Katharine Whipple - I grew up in Connecticut during the Vietnam war and see so many parallels to what was going on then and what is happening now with the Iraq war and American politics. There's the same greedy profiteering of a few off the pain of many. And the same manipulation and deception of the American people, using the fear factor to get them to fall in line behind the program. Back then it was Secretary of Defense Robert McNamara and the Domino theory, then it was Donald Rumsfeld, Bush et al and the nonexistant weapons of mass destruction.

I also remember how shamefully returning Viet vets were treated by many civilians and the U.S. government...like "losers" when they weren't the ones behind the twisted politics and economics that caused the war.

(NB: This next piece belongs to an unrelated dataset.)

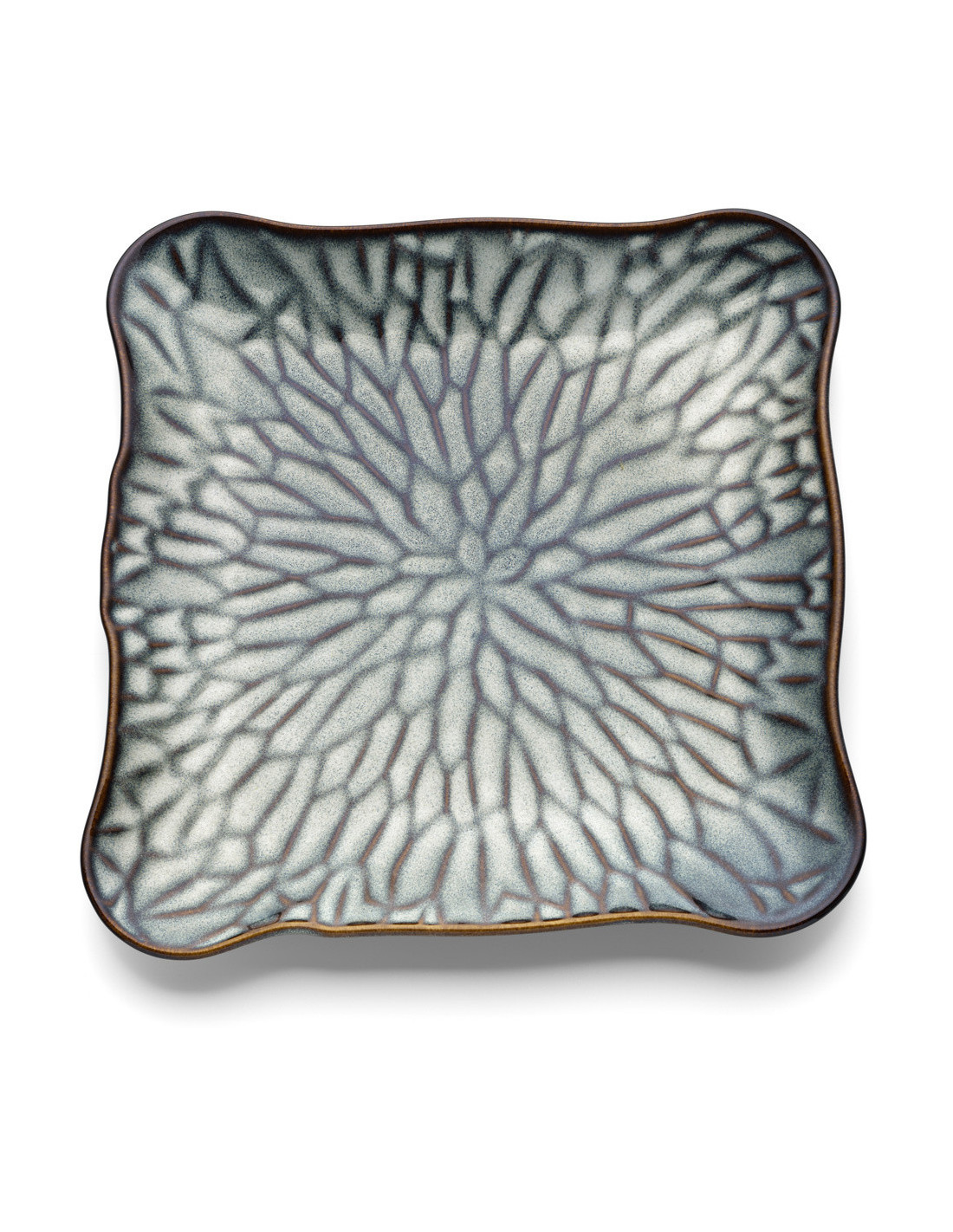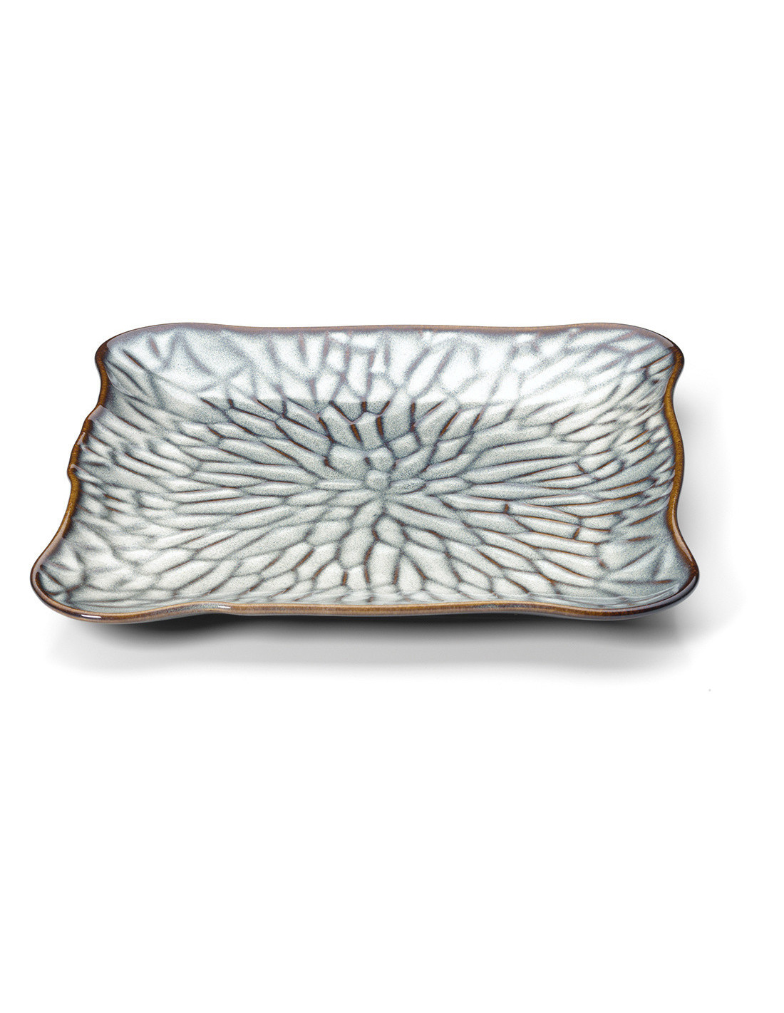 Grande Assiette plate japonaise Carrée 28 cm Céramique Gris Marron The Lotus Ice

All the same, they often were bearing the heavy seen and unseen human cost of war...just doing their duty for their country. Even back there, back then, I wanted to do whatever I could personally on a small, individual scale against such huge injustices.

At Kaiserslauten, 30 minutes from Landstuhl, we stood in the sunny courtyard handing out baked goods and making conversation, watching soldiers wander by, some in uniform, some not. Many stopped to talk, interested in the treats and curious to talk with American civilians, rarely seen there. At first everything seemed "normal." Then you see the soldier in dark glasses with an eye injury from shrapnel... soldiers with head injuries, multiple concussions from exploding IED's (improvised explosive devices) and post traumatic stress. Upstairs in the residence hall there were recreation rooms and rucksacks lined up for soldiers shipping out—most to army bases in the U.S.: "Home." Some were going to Walter Reed Hospital in Virginia, a few back to Iraq. Then we went to Landstuhl.

We acknowledged that the gifts were from Democrats, but that we were not there to talk politics. One soldier's response was "Hey, that's all right, I'm a Democrat! And we better get Hillary or Obama in there [White House] or we'll NEVER get out of this mess!"